If adblockers can afford to pay for ads, that means they have a business model, and the one and only adblocker business model is "pay to play", where companies pay adblockers to allow their ads through.


Nagware/scareware (pushing subscriptions on users, possibly with misleading claims) is also a business model I've seen used.

I honestly don't mind the "pay to play" model. It's a way to establish a healthy ad ecosystem. Ad blockers define what they consider acceptable, and collect money.

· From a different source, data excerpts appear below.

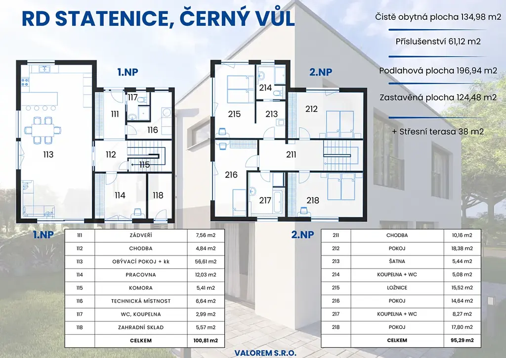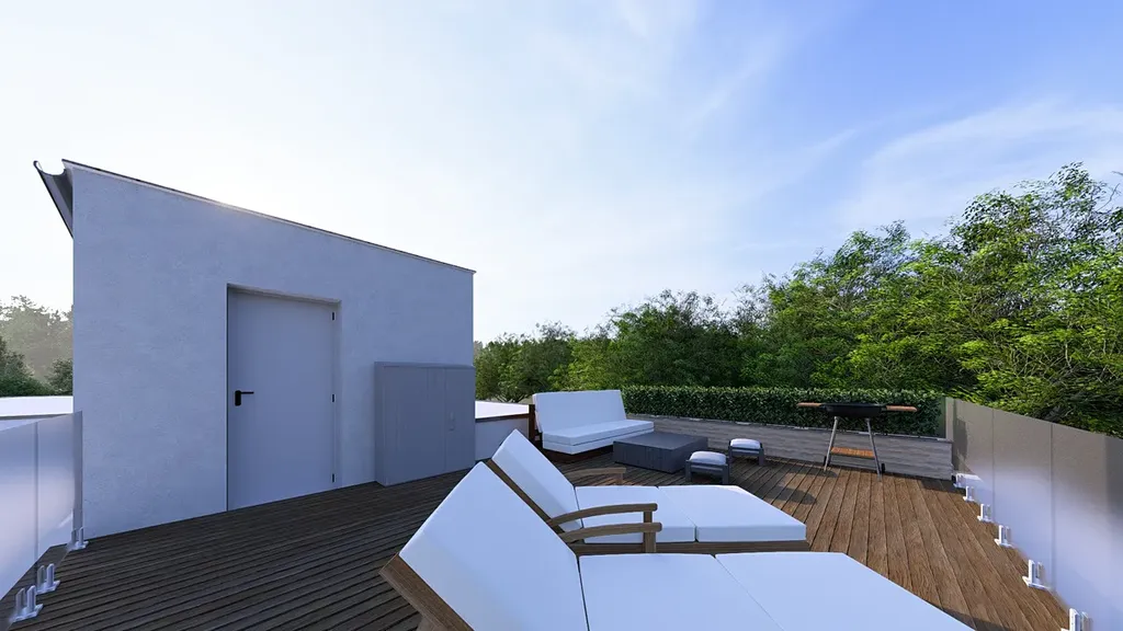 Celková podlahová plocha domu činí 196,94 m² a je doplněna o střešní terasu o velikosti 38 m², která nabízí příjemný prostor pro relaxaci i rodinné posezení. Dispozice domu je prakticky rozdělena do dvou podlaží. V přízemí se nachází vstupní zádveří, chodba, technická místnost, komora, koupelna s WC a samostatná pracovna nebo pokoj pro hosty. Dominantou této části je velkorysý a světlý obývací pokoj s kuchyňským koutem o velikosti 56,61 m², který tvoří přirozené centrum domu a plynule navazuje na venkovní prostor. Součástí přízemí je také praktický zahradní sklad.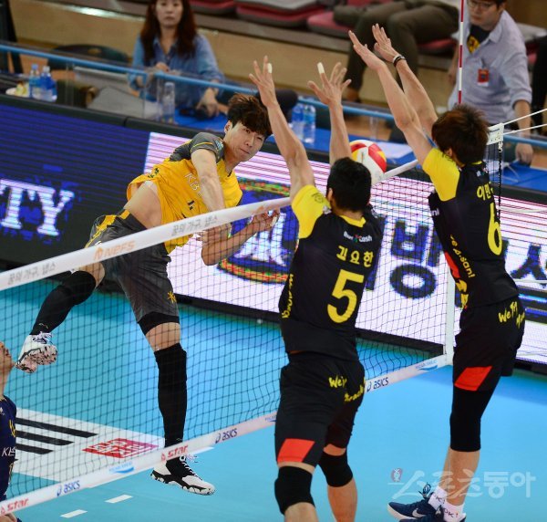 29일 천안유관순체육관에서 열린 ‘2017 천안·넵스컵 프로배구대회’ 남자부 B조 KB손해보험과 OK저축은행 경기에서 KB손해보험 김진만이 OK저축은행의 블로킹 사이로 스파이크 공격을 하고 있다.
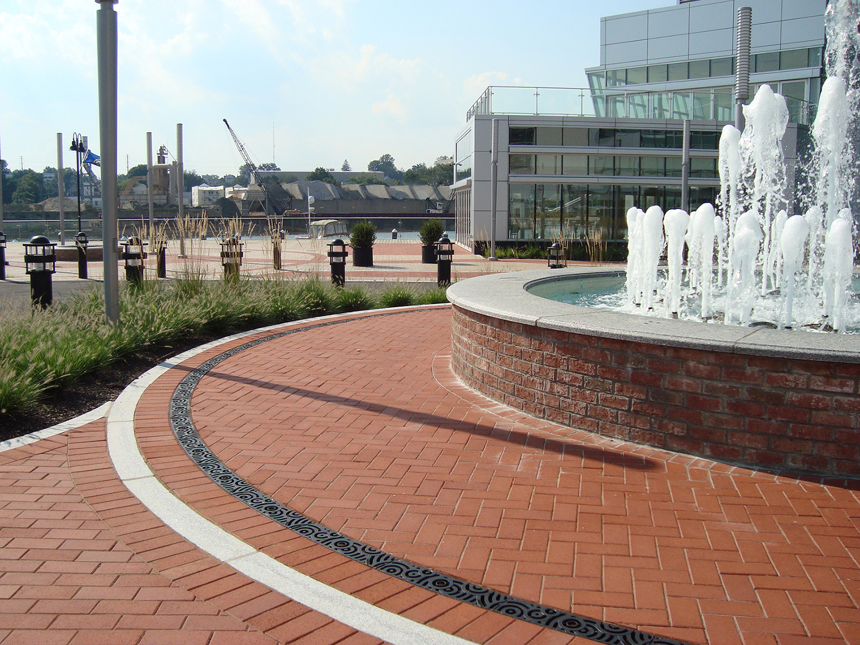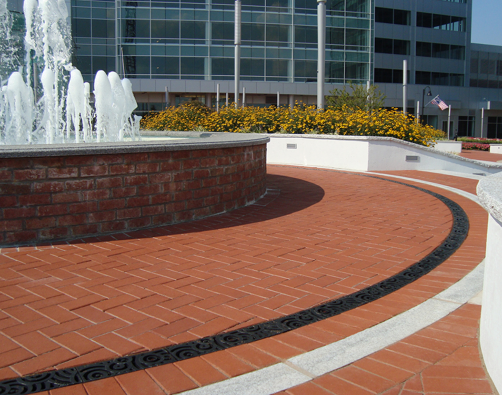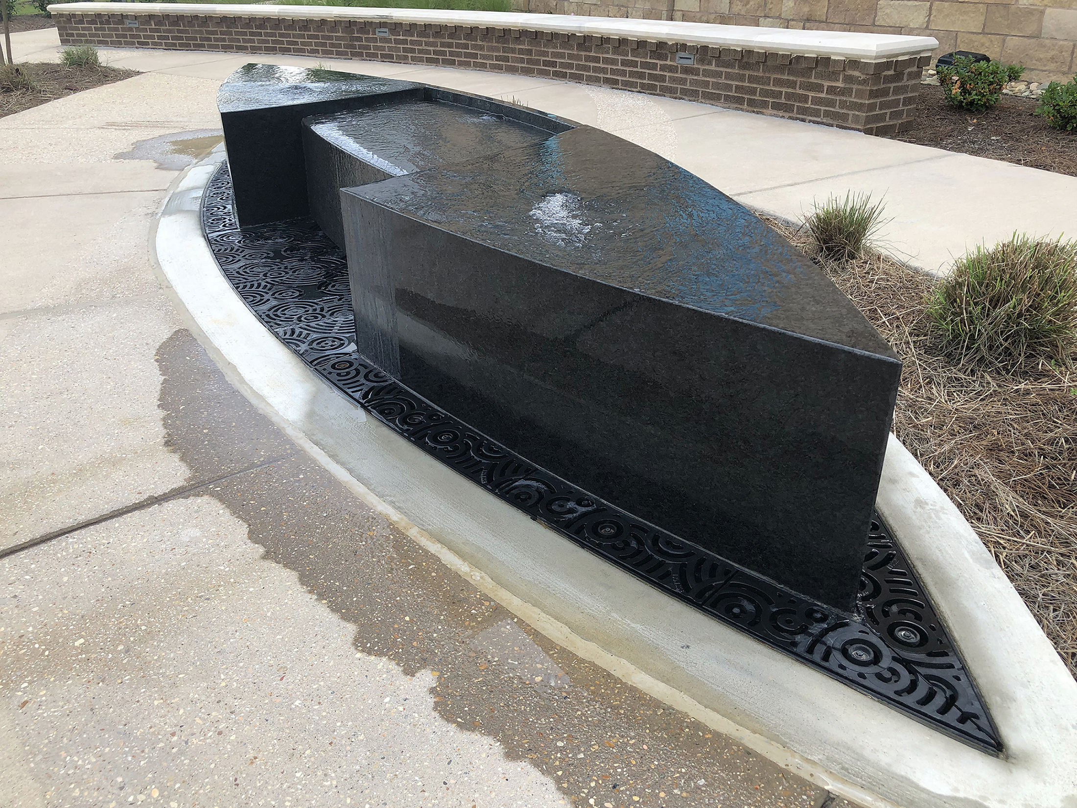 Granite arrival fountain with 5″ wide Oblio radius trench grates, cast ductile iron with e-coat + black powder coat finishes. DESIGN: TBG Partners. INSTALLER: Rotolo Consultants (RCI). PROJECT: Our Lady of the Lake Children’s Hospital. LOCATION: Baton Rouge, LA.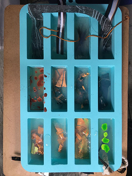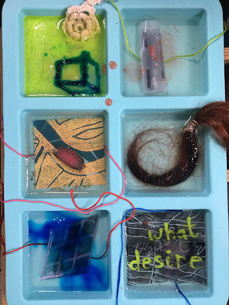 2023 ⋮ clothing, hair, ephemera, bioplastic, resin, block print, bamboo
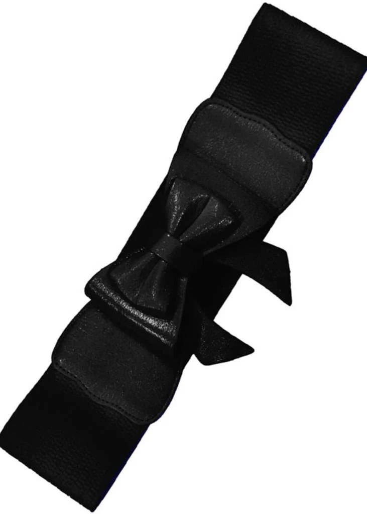 She closes with a hook and eye closure underneath the bow, and is adjustable to two sizes. The bow is made of a beautiful quality lacquer faux leather. Perfect for that lovely line, or a little extra sass for your look!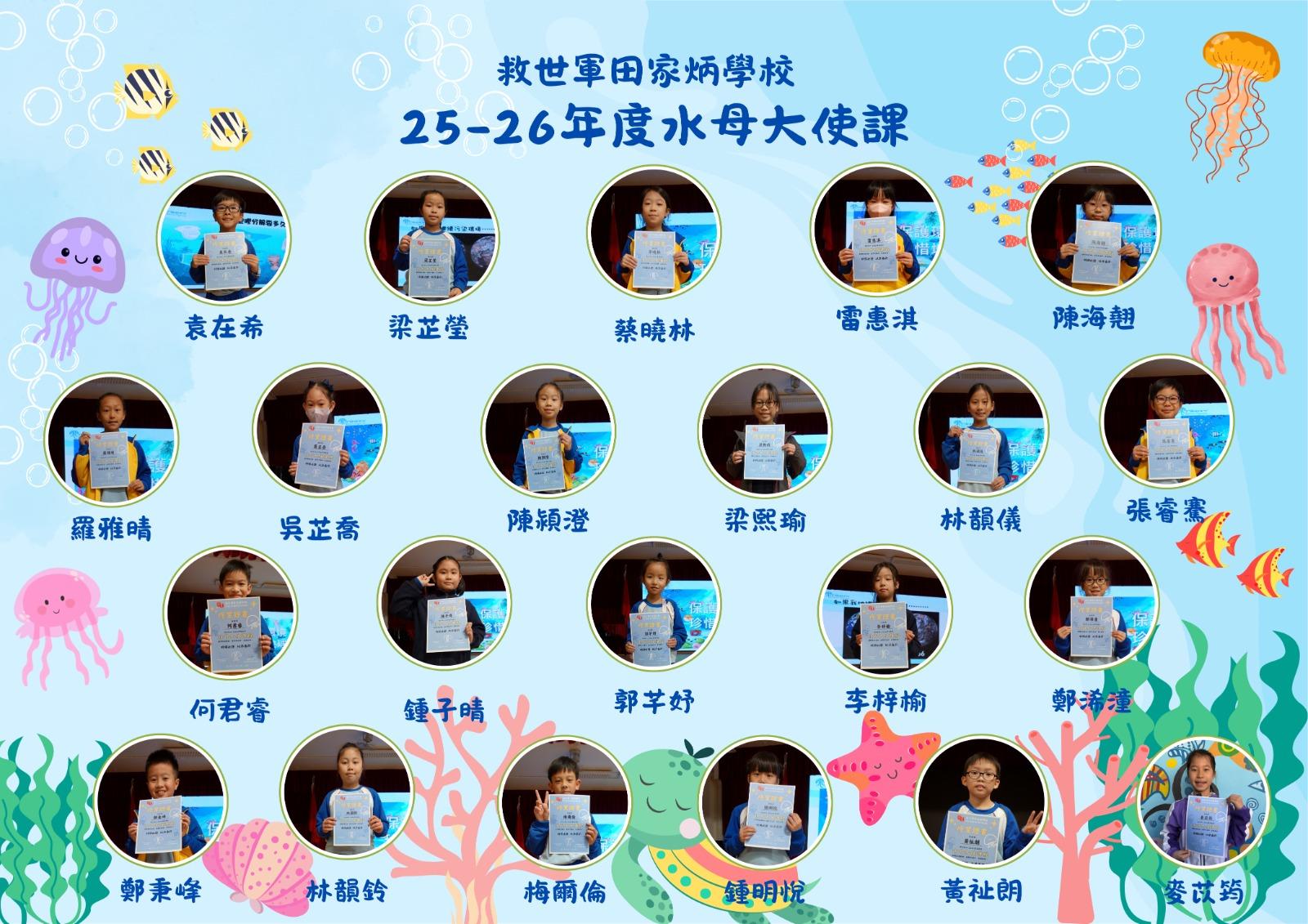 救世軍田家炳學校為首間學校創設水母課程,輔以「水母大使計劃」、「海洋生物課程」及「環保親子工作坊」等,提供科技探索平台,在不同年級的常識課程中,加入不同範疇的stem及生命教育元素,以培養學生的探究能力及尊重生命、愛惜生命的態度。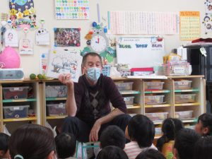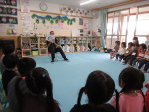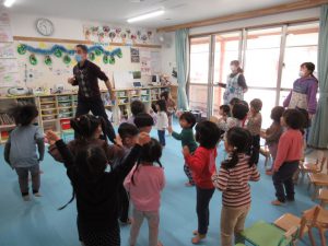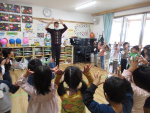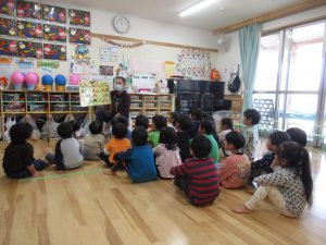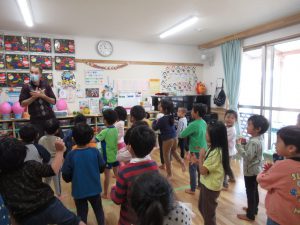 2021年12月10日 英語であそぼ! みんなが楽しみにしている『英語であそぼ』! 今日はネイティブの先生、「パトリック先生」が来園してくれました。 『サンタクロース』、『レインディア』、『プレゼント』に『クリスマスツリー』... この時季にピッタリのクリスマスや冬の内容を中心に、 歌ったり、踊ったりしながら、楽しく英語に触れることができました。 終わりの時間になると、「またきてね~」とパトリック先生と別れを惜しむ子ども達でした。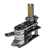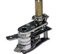 Jika elemen pemanas adalah jantungnya, maka termostat adalah otaknya. Komponen ini berfungsi sebagai pengatur suhu otomatis yang menjaga panas setrika tetap stabil sesuai dengan jenis kain yang dipilih. Termostat bekerja menggunakan prinsip lempengan bimetal (dua logam berbeda yang disatukan) yang akan melengkung saat mencapai suhu tertentu. Lengkungan ini akan mendorong kontak pemutus arus, sehingga aliran listrik ke elemen pemanas berhenti. Saat suhu mulai turun, lempengan akan lurus kembali, menyambungkan kontak, dan elemen pemanas kembali bekerja. Proses inilah yang menghasilkan bunyi "klik" khas pada setrika.

They have an incentive to find a reasonable balance: The less restrictive they are, the more money they make, but the second they go over the line, users will jump to another ad blocker that's more restrictive.

I've intentionally and knowingly tolerated the "acceptable ads" from ABP until they started allowing the Outbrain/Taboola chumboxes. (There even were two versions of those, the normal one full of bright colors, tits and disgusting disease images, and a slightly toned down one for the "acceptable ads" users!)

Since those ads rely on making you psychologically uncomfortable (feeling like you're missing out) unless you engage with their worthless, misleading and unsatisfactory clickbait content, they're 100% unacceptable to me, and ABP lost a user.

If uBlock Origin offered an ad whitelist that only allows ad networks that a) serve only their own JavaScript, no third party crap b) only serve static text and re-encoded static, non-animated images c) have some meaningfully enforced editorial standards, d) have some privacy oversight and follow tracking opt-outs, I would definitely give it a chance. I don't mind supporting web sites and content creators, and I don't mind seeing relevant ads (which can usually be targeted based on the content I'm looking at just fine).

I do mind having my fan try to reach escape velocity due to crappy JS, getting served malware and exploits, random "this site is trying to play DRM protected video" popups indicating that something is trying to do fingerprinting, 300 different companies getting my browsing data and 20 of them executing code in my browser (code that they haven't written themselves but have been handed by an intermediary of an intermediary), and last but not least graphic images of diseased body parts. Solve these problems, and I won't need to use an ad blocker. Don't solve these problems, and I will put protecting myself over your revenue.

I also mind having to constantly explain to my parents why the new cool product or shop they saw an ad for is an utter scam, and how exactly they'll lose money if they fall for it. I also mind having to constantly scrape crapware and malware from my friends' and relatives' computers, _including Chromebooks_. As long as ads lead to that, I have no choice but to deploy ad blockers.


> If uBlock Origin offered an ad whitelist that only allows ad networks that a) serve only their own JavaScript, no third party crap

Wait, why would an acceptable ad network have JavaScript at all? Maybe a minimal, pre-approved bit of JS to help the network understand where the ad is being placed, but even that is questionable.

Frankly, I consider it somewhere between bizarre and obviously wrong for any serious website that needs to follow HIPPA, PCI, or any other reasonable security standard to allow un-audited third party JS at all.